= 2007 US Open (darts) =

Darts tournament in Connecticut, United States

The 2007 US Open was a darts tournament, organised by the Professional Darts Corporation (PDC). It was the inaugural event and played in Connecticut between May 18 and May 20.

The tournament replaced the World Series of Darts which ran for one year and was cancelled as a result of poor television ratings on ESPN. The first US Open was held at the Mohegan Sun Casino Resort, Connecticut, USA – which was the venue used for the 2006 World Series of Darts.

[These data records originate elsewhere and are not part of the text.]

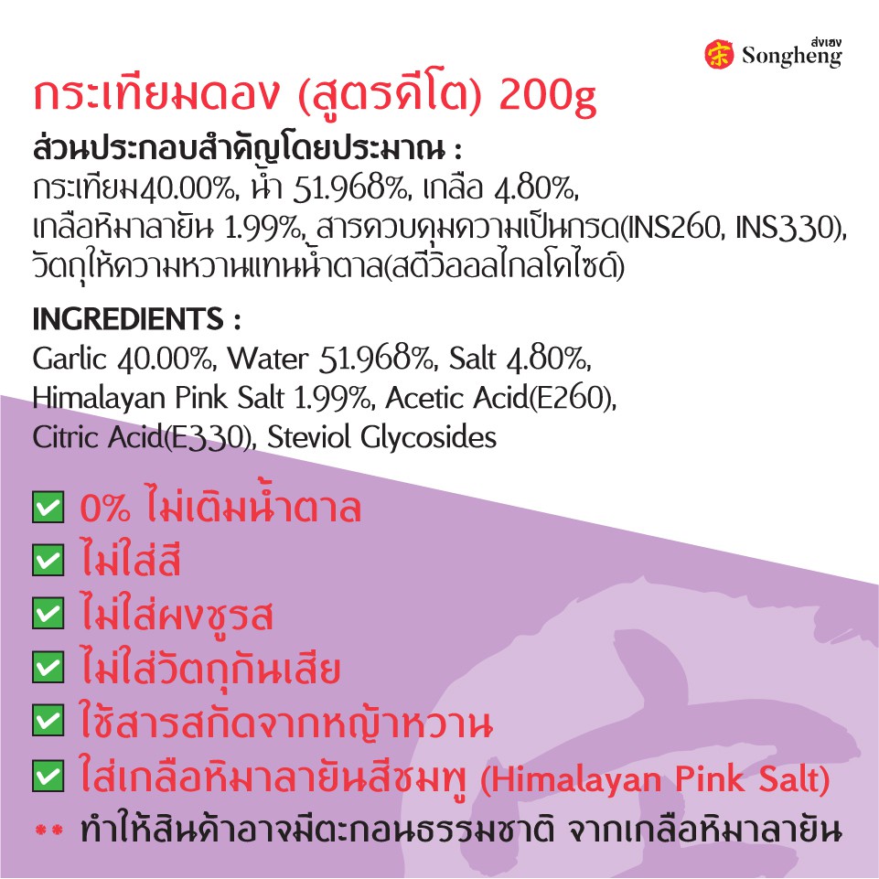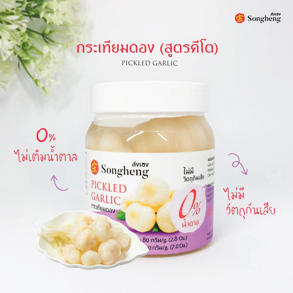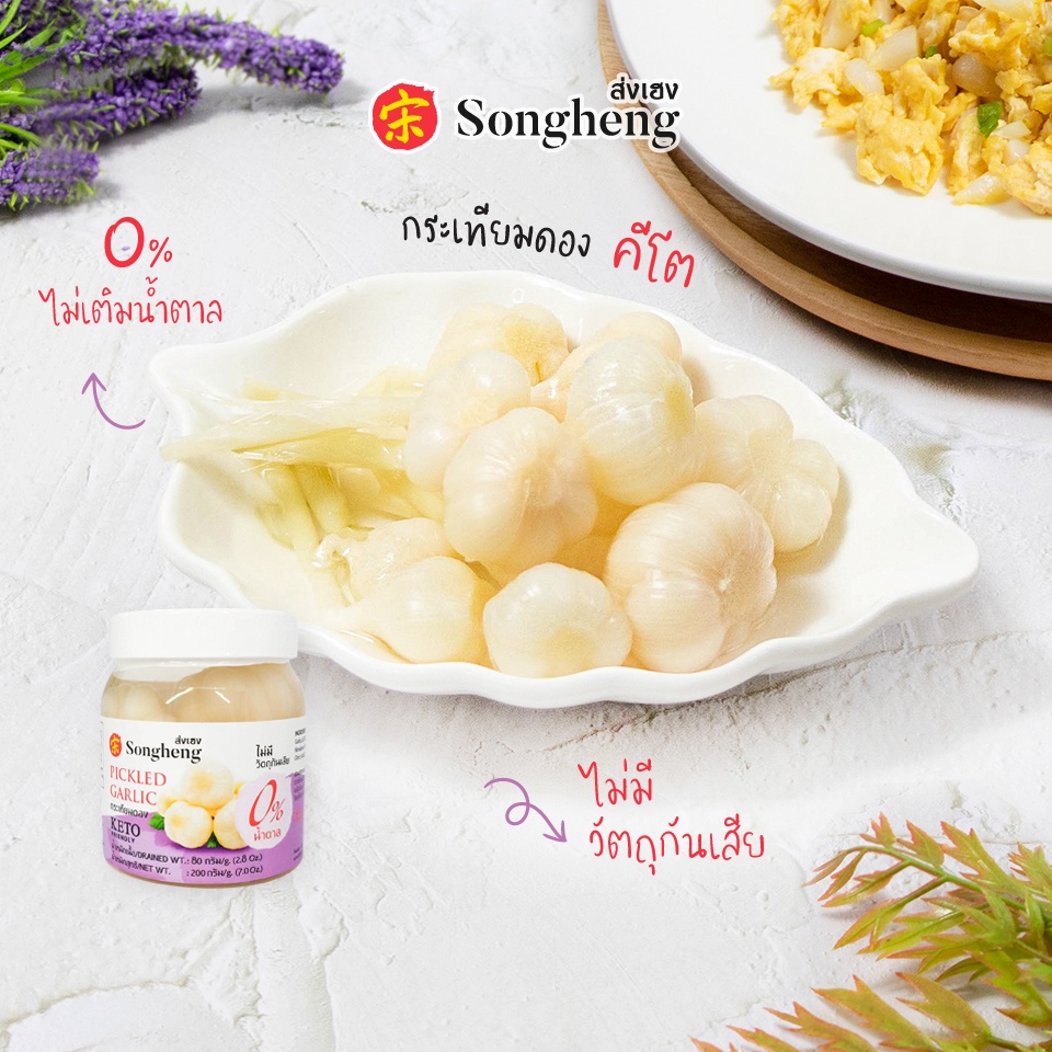 กระเทียมดอง คีโต ไม่ใส่วัตถุกันเสีย ไม่มีน้ำตาล เกรดส่งออก (1ขวดx200กรัม) keto ส่งเฮง Songheng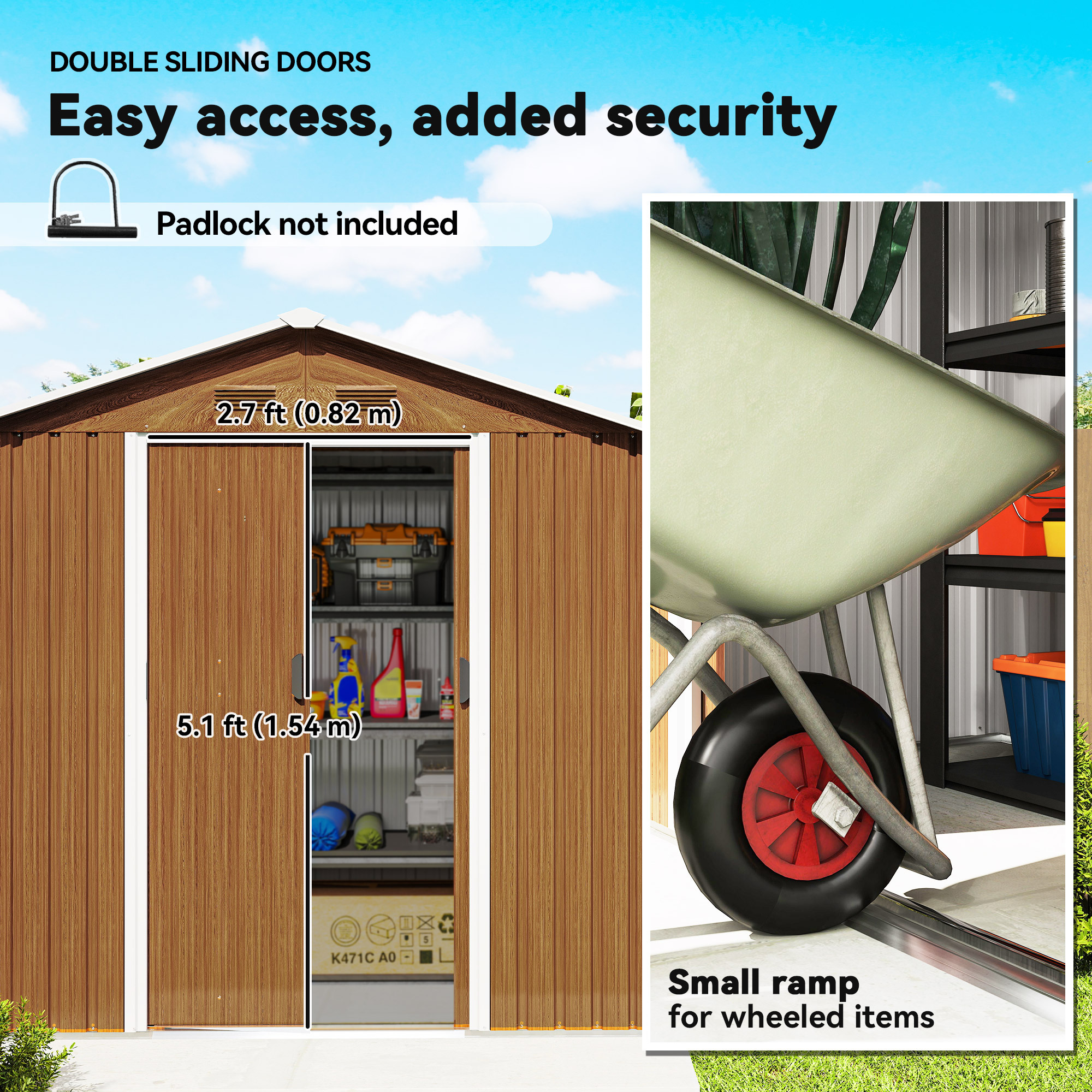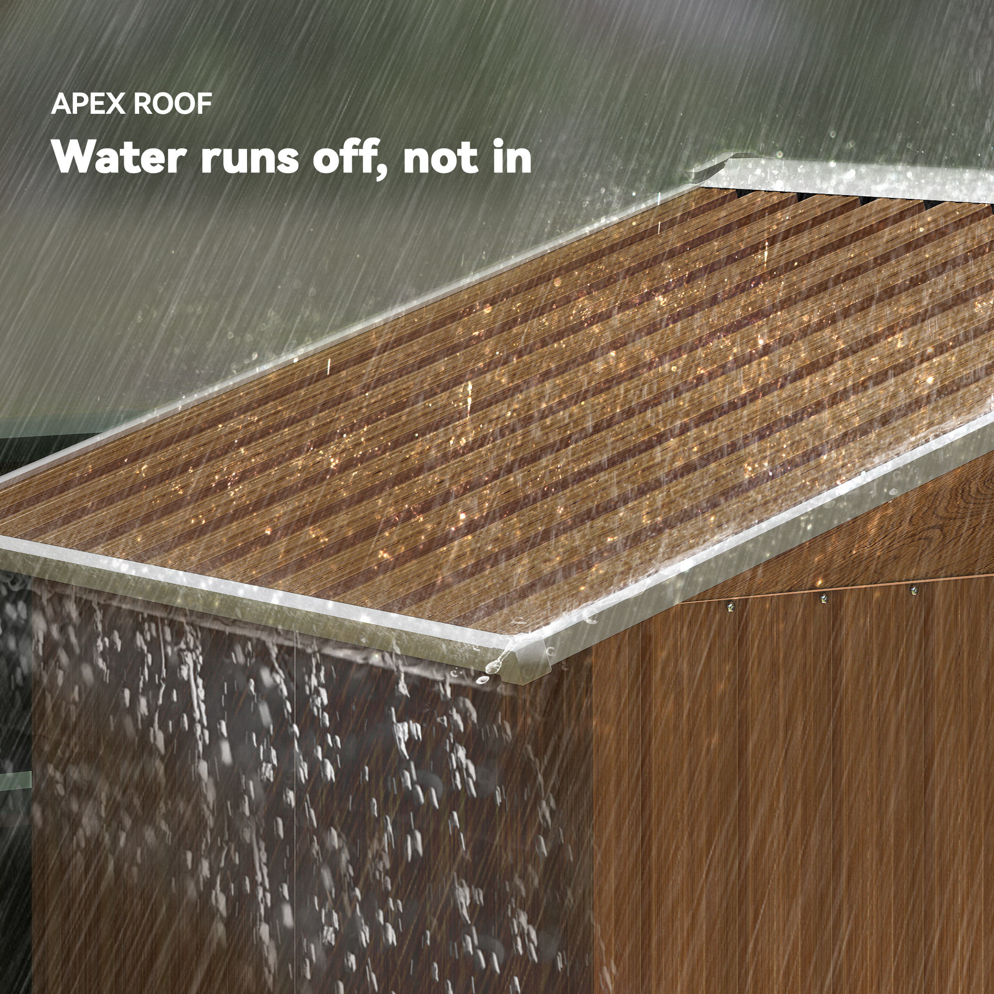 Securely store your garden equipment and outdoor essentials with the 3.6 x 6.3ft metal garden shed. Constructed from galvanised steel, it offers lasting reliability. The double sliding doors on the front provide convenient access, while the four vents promote air circulation to prevent moisture buildup. With a protective weather coating, this metal bike shed is suitable for year-round outdoor use, ensuring your items stay safe and protected.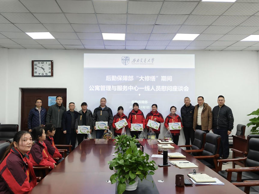 当前学校“大修缮”工作正处于攻坚冲刺的关键阶段,公寓管理与服务中心一线员工始终坚守岗位、履职担当,在保障学生住宿卫生环境、维护公寓园区正常秩序、协同推进修缮工程高效落地等方面付出了辛勤汗水与坚实努力。为切实倾听一线心声、破解工作难题、传递组织关怀,12月1日下午,后勤保障部专题组织召开“大修缮”期间公寓管理与服务中心一线人员慰问座谈会,并对后勤服务平台工作人员进行走访慰问。会议由后勤保障部党委副处级组织员刘勇主持,后勤保障部覃维书记、李煜宏副书记、后勤保障部工会成员参与,与公寓员工面对面交流座谈。
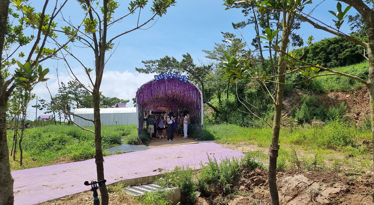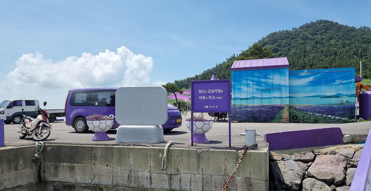 다리도, 지붕도, 차도, 도로도, 벽도, 꽃도 온통 보라색인 섬마을이 푸른 바다와 어우러지는 모습을 그려보면 얼마나 아름다울까, 그런 곳이 퍼플섬이라는 정보로 이곳에 왔다

Phil Taylor added to his list of titles by winning the event – beating Raymond van Barneveld in the final.

==Television coverage and format==
The tournament was broadcast live in the UK on satellite station Challenge. The coverage was hosted by Sarah Cawood and Tony Green, who was broadcasting from a PDC tournament for the first time. Limited coverage of the event was shown on US sport channel Versus.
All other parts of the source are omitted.